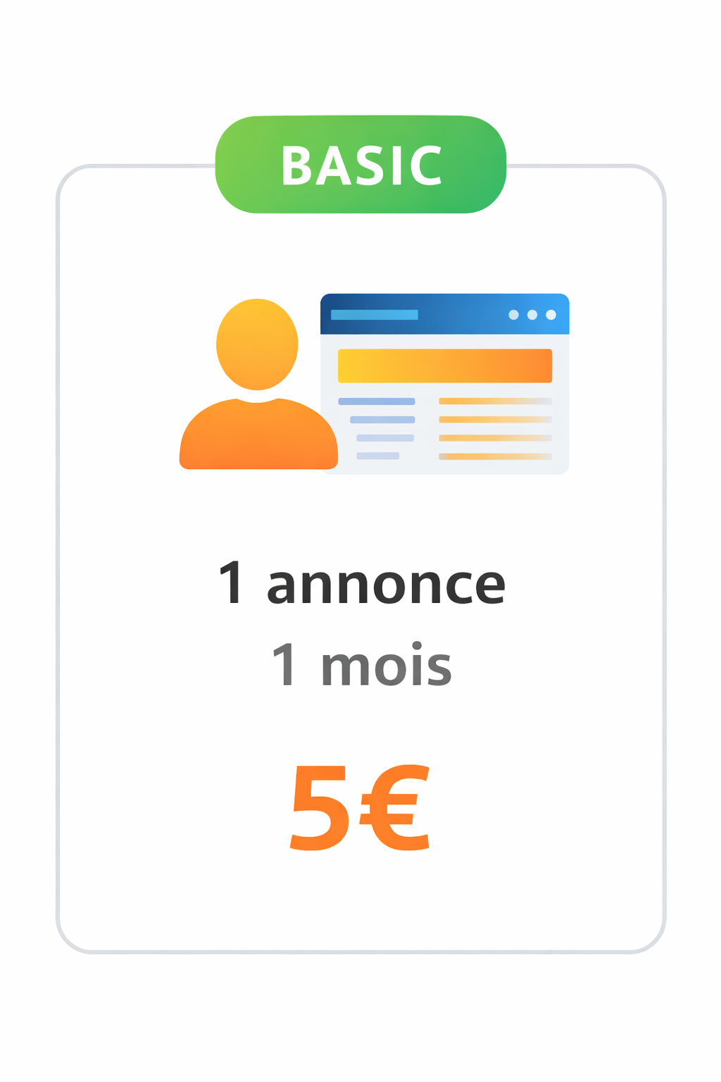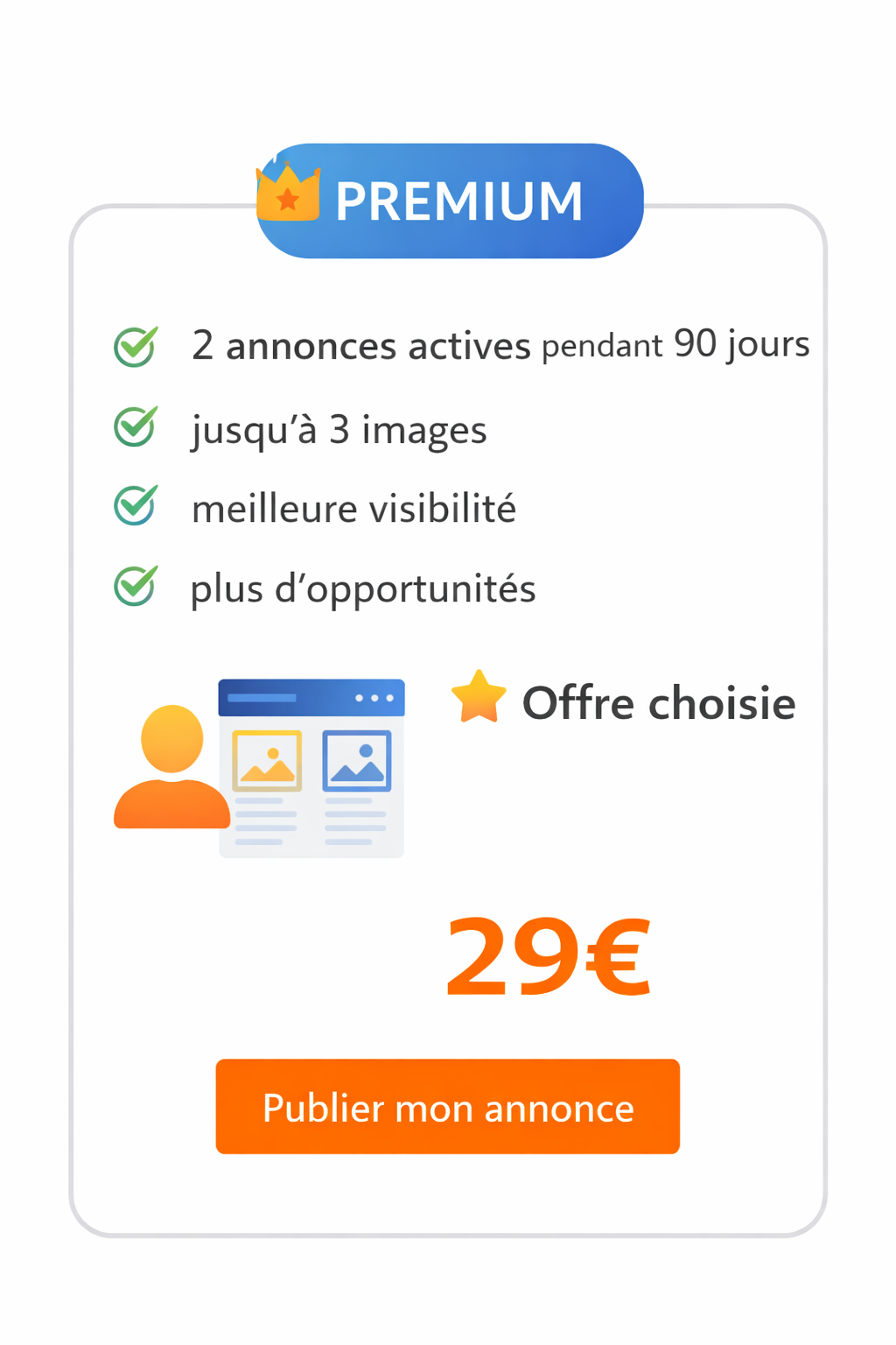 Nos offres 🚀 Nos offres Choisissez l’offre adaptée à vos besoins et publiez votre annonce en quelques minutes Offre Basic 1 annonce • 1 image • 30 jours Publier mon annonce ⭐ Recommandé Pack Visibilité Plus d’annonces • Plus de visibilité Publier mon annonce Offre Premium Visibilité maximale • Longue durée Publier mon annonce
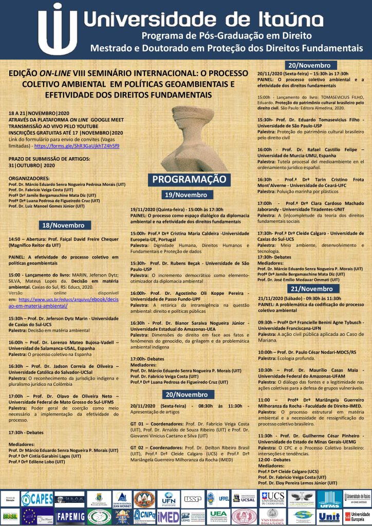 20/11/2020 das 08:30 às 11:30 GT 01 – Coordenadores: Prof. Dr. Fabrício Veiga Costa, Prof. Dr. Arnaldo de Souza Ribeiro e Prof. Dr. Giovanni Vinicius Caetano e Silva | |
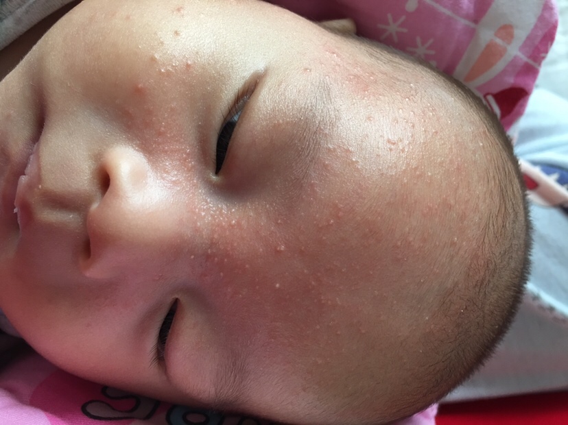 我家宝宝前几天和你家宝宝脸上一模一样,看的我难受心疼,后来回娘家我妹来给我带了一个药膏是她家宝宝之前湿疹用的可好了,我家宝宝当天晚上搽第二天就少很多,叫宝宝专用,不知道你们那边有卖的吗,你可以找找,真心好
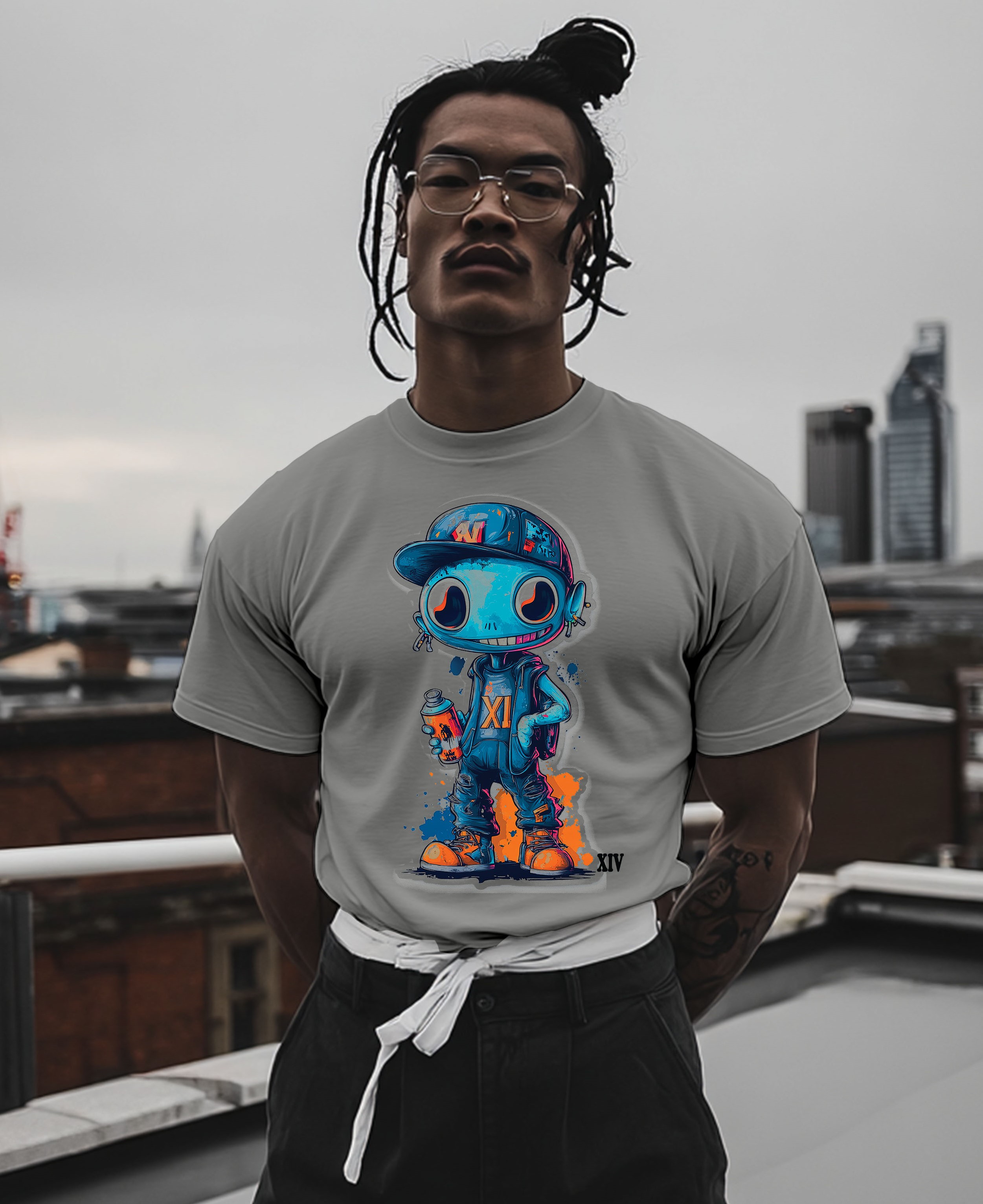 Graffiti Robot Art T-Shirt – Edgy Urban Streetwear Design
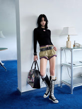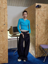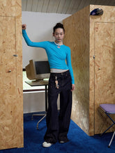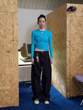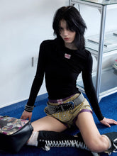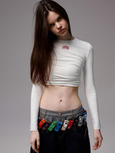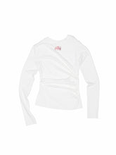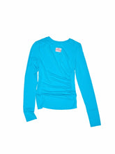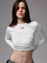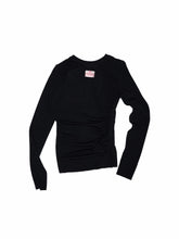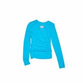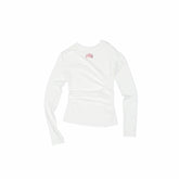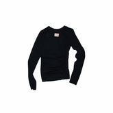 A fitted long-sleeve blouse crafted with a round neckline and ruched detailing at the shoulders and waist for a flattering slim effect. The asymmetrical gathered design highlights the figure while enhancing proportions. Finished with a custom cat fang rhinestone embellishment, adding playful detail to this chic piece. Made from stretch ribbed fabric, ensuring comfort, flexibility, and a close fit without tightness.
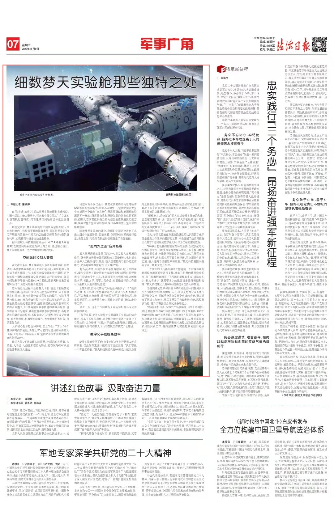 “綜合來看,夢天實驗艙補充并增強了空間站的綜合能力,提高了系統(tǒng)可靠性。其個性化能力則進一步強化了空間站的‘太空母港’作用,對于載荷的保障能力更強,也將拓展有人參與的航天飛行與在軌工作模式?!蓖跸枵f。
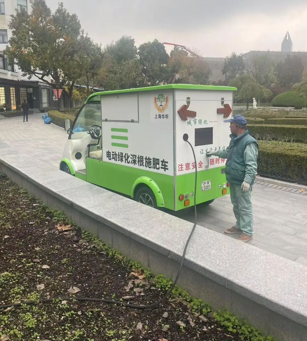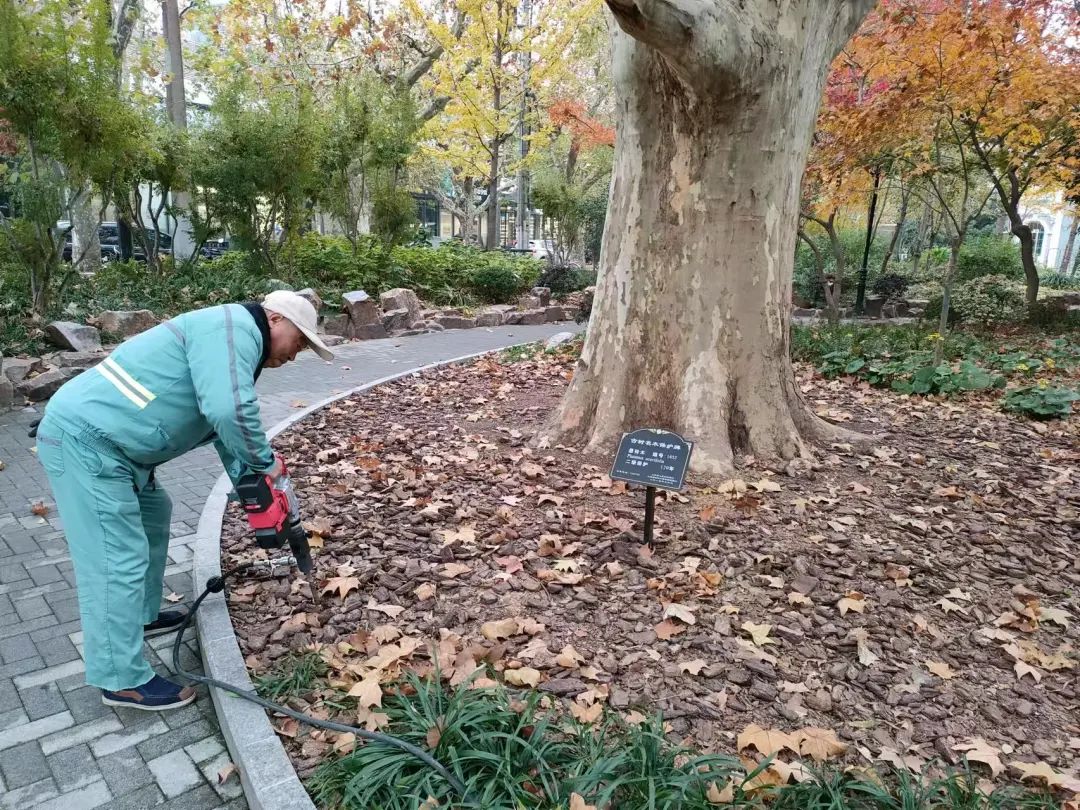 春天,夏天,秋天,冬天,冬天是一年中收敛和封闭的阶段。近年来,上海冬季气温发生了很大变化。为了抵御极端低温天气,公园管理层还提前做好草垫的包扎和铺设,以保持树木和地温,采取防寒防冻措施和应急预案。与此同时,今年公园还新购买了电动绿化深根肥车,用于深根肥料,方便快捷,有利于促进肥料效果的吸收。
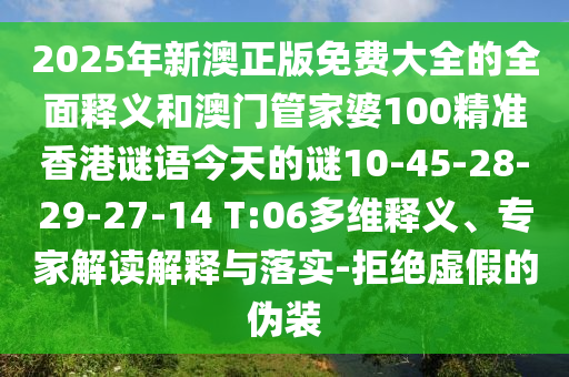 2025年新澳正版免費(fèi)大全的全面釋義和澳門管家婆100精準(zhǔn)香港謎語今天的謎10-45-28-29-27-14 T:06多維釋義、專家解讀解釋與落實(shí)-拒絕虛假的偽裝
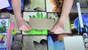 - Притиснете лентата към дясната страна на картона с помощта на линийка. Поставете 2 парчета картон и направете същото. Залепете 2 ленти на противоположната страна.
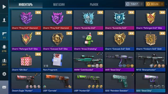 ✅ В инвентаре есть немного скинов, а также эксклюзивных предметов (сезонные награды, брелоки, рамки)
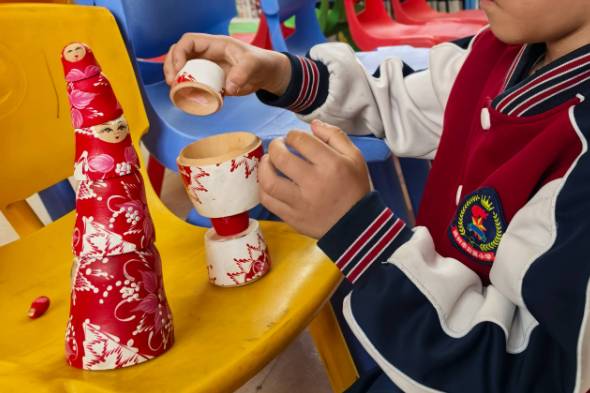 最后一节课三一的课,晞君和宏云一起去班里。我在馆里,cgw小朋友在这里玩套娃,一个人安安静静的玩的挺好。我和他聊聊天,和他一些有了链接,感受到了小孩的简单,稚嫩,纯真和美好。
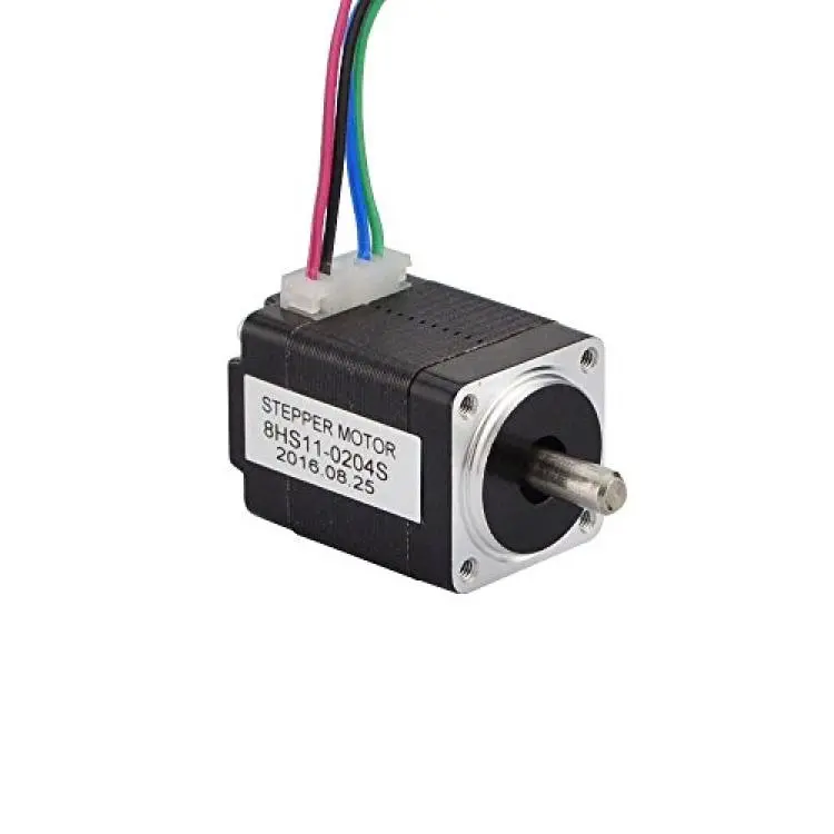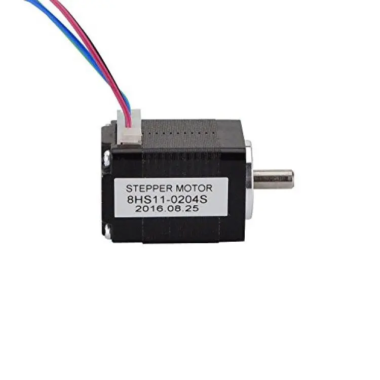 This hybrid bipolar stepper motor is the miniature stepper motor we carry, it with 1.8 deg. step angle (200 steps/revolution). Each phase draws 200 mA at 4.8 V, allowing for a holding torque of 1.6Ncm(2.3oz.in). Electrical Specification: * Manufacturer Part Number: 8HS11-0204S * Motor Type: Bipolar Stepper * Step Angle: 1.8 deg. * Holding Torque: 1.6Ncm(2.3oz.in) * Rated Current/phase: 0.2A * Phase Resistance: 24ohms * Inductance: 8mH+/-20%(1KHz) Physical Specification: * Frame Size: 20 x 20mm * Body Length: 28mm * Shaft Diameter: 4mm * Shaft Length: 10mm * D-cut Length: 7mm * Number of Leads: 4 * Lead Length: 300mm * Weight: 60g Connection: Black(A+), Green(A-), Red(B+), Blue(B-) Warning: Make sure the motor connect to a constant current or chopper drive controller before you test motor. Connecting the motor directly to a power supply will destroy the motor.

_____

__What is needed__
Leaving out the pictures, restate the listing above exactly.

__Result of the task__
 Nos offres 🚀 Nos offres Choisissez l’offre adaptée à vos besoins et publiez votre annonce en quelques minutes Offre Basic 1 annonce • 1 image • 30 jours Publier mon annonce ⭐ Recommandé Pack Visibilité Plus d’annonces • Plus de visibilité Publier mon annonce Offre Premium Visibilité maximale • Longue durée Publier mon annonce
 20/11/2020 das 08:30 às 11:30 GT 01 – Coordenadores: Prof. Dr. Fabrício Veiga Costa, Prof. Dr. Arnaldo de Souza Ribeiro e Prof. Dr. Giovanni Vinicius Caetano e Silva | |
 我家宝宝前几天和你家宝宝脸上一模一样,看的我难受心疼,后来回娘家我妹来给我带了一个药膏是她家宝宝之前湿疹用的可好了,我家宝宝当天晚上搽第二天就少很多,叫宝宝专用,不知道你们那边有卖的吗,你可以找找,真心好
 Graffiti Robot Art T-Shirt – Edgy Urban Streetwear Design
 A fitted long-sleeve blouse crafted with a round neckline and ruched detailing at the shoulders and waist for a flattering slim effect. The asymmetrical gathered design highlights the figure while enhancing proportions. Finished with a custom cat fang rhinestone embellishment, adding playful detail to this chic piece. Made from stretch ribbed fabric, ensuring comfort, flexibility, and a close fit without tightness.
 “綜合來看,夢天實驗艙補充并增強了空間站的綜合能力,提高了系統(tǒng)可靠性。其個性化能力則進一步強化了空間站的‘太空母港’作用,對于載荷的保障能力更強,也將拓展有人參與的航天飛行與在軌工作模式?!蓖跸枵f。
 春天,夏天,秋天,冬天,冬天是一年中收敛和封闭的阶段。近年来,上海冬季气温发生了很大变化。为了抵御极端低温天气,公园管理层还提前做好草垫的包扎和铺设,以保持树木和地温,采取防寒防冻措施和应急预案。与此同时,今年公园还新购买了电动绿化深根肥车,用于深根肥料,方便快捷,有利于促进肥料效果的吸收。
 2025年新澳正版免費(fèi)大全的全面釋義和澳門管家婆100精準(zhǔn)香港謎語今天的謎10-45-28-29-27-14 T:06多維釋義、專家解讀解釋與落實(shí)-拒絕虛假的偽裝
 - Притиснете лентата към дясната страна на картона с помощта на линийка. Поставете 2 парчета картон и направете същото. Залепете 2 ленти на противоположната страна.
 ✅ В инвентаре есть немного скинов, а также эксклюзивных предметов (сезонные награды, брелоки, рамки)
 最后一节课三一的课,晞君和宏云一起去班里。我在馆里,cgw小朋友在这里玩套娃,一个人安安静静的玩的挺好。我和他聊聊天,和他一些有了链接,感受到了小孩的简单,稚嫩,纯真和美好。
 This hybrid bipolar stepper motor is the miniature stepper motor we carry, it with 1.8 deg. step angle (200 steps/revolution). Each phase draws 200 mA at 4.8 V, allowing for a holding torque of 1.6Ncm(2.3oz.in). Electrical Specification: * Manufacturer Part Number: 8HS11-0204S * Motor Type: Bipolar Stepper * Step Angle: 1.8 deg. * Holding Torque: 1.6Ncm(2.3oz.in) * Rated Current/phase: 0.2A * Phase Resistance: 24ohms * Inductance: 8mH+/-20%(1KHz) Physical Specification: * Frame Size: 20 x 20mm * Body Length: 28mm * Shaft Diameter: 4mm * Shaft Length: 10mm * D-cut Length: 7mm * Number of Leads: 4 * Lead Length: 300mm * Weight: 60g Connection: Black(A+), Green(A-), Red(B+), Blue(B-) Warning: Make sure the motor connect to a constant current or chopper drive controller before you test motor. Connecting the motor directly to a power supply will destroy the motor.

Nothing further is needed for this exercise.